Basically, each of the clients ---that have a clientId associated with them--- can push messages and it is important that a second message from the same client isn't processed until the first one is finished processing (Even though the client can send multiple messages in a row, and they are ordered, and multiple clients sending messages should ideally not interfere with each other). And, importantly, a job shouldn't be processed twice.
I thought that using Redis I might be able to fix this issue, I started with some quick prototyping using the bull library, but I am clearly not doing it well, I was hoping someone would know how to proceed.
This is what I tried so far:
Create jobs and add them to the same queue name for one process, using the clientId as the job name.
Consume jobs while waiting large random amounts of random time on 2 separate process.

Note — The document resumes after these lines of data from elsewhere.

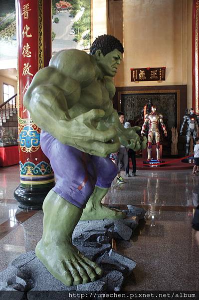 依「文衡殿」臉書的敘述,〝綠巨人浩克〞及〝浩克毀滅者〞和前面六尊大模型一樣,均非廟內香油錢所購,同樣都是他人捐贈的,擺在殿內供民眾參觀。即使廟方知道不少民眾非信眾,只是來看大模型,但廟方仍然歡迎大家前往龍崎一遊,讓全區幾乎均為山丘的龍崎區更添人氣。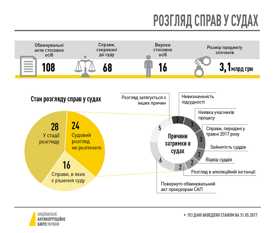 Станом на 31 травня, серед 68 кримінальних справ, у яких детективи 3 завершили досудове слідство, а прокурори САП скерували обвинувальний акт до судів, 24 провадження залишаються без судового розгляду.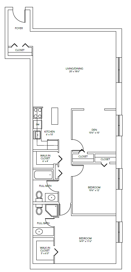 1 Bed, 1 Bath, 640-660 sq ftAvailable NowModel Gallery

I tried adding the default locking provided by the library that I am using (bull) but it locks on the jobId, which is unique for each job, not on the clientId .
What I would want to happen:
One of the consumers can't take the job from the same clientId until the previous one is finished processing it.
They should be able to, however, get items from different clientIds in parallel without problem (asynchronously). (I haven't gotten this far, I am right now simply dealing with only one clientId)
What I get:
Both consumers consume as many items as they can from the queue without waiting for the previous item for the clientId to be completed.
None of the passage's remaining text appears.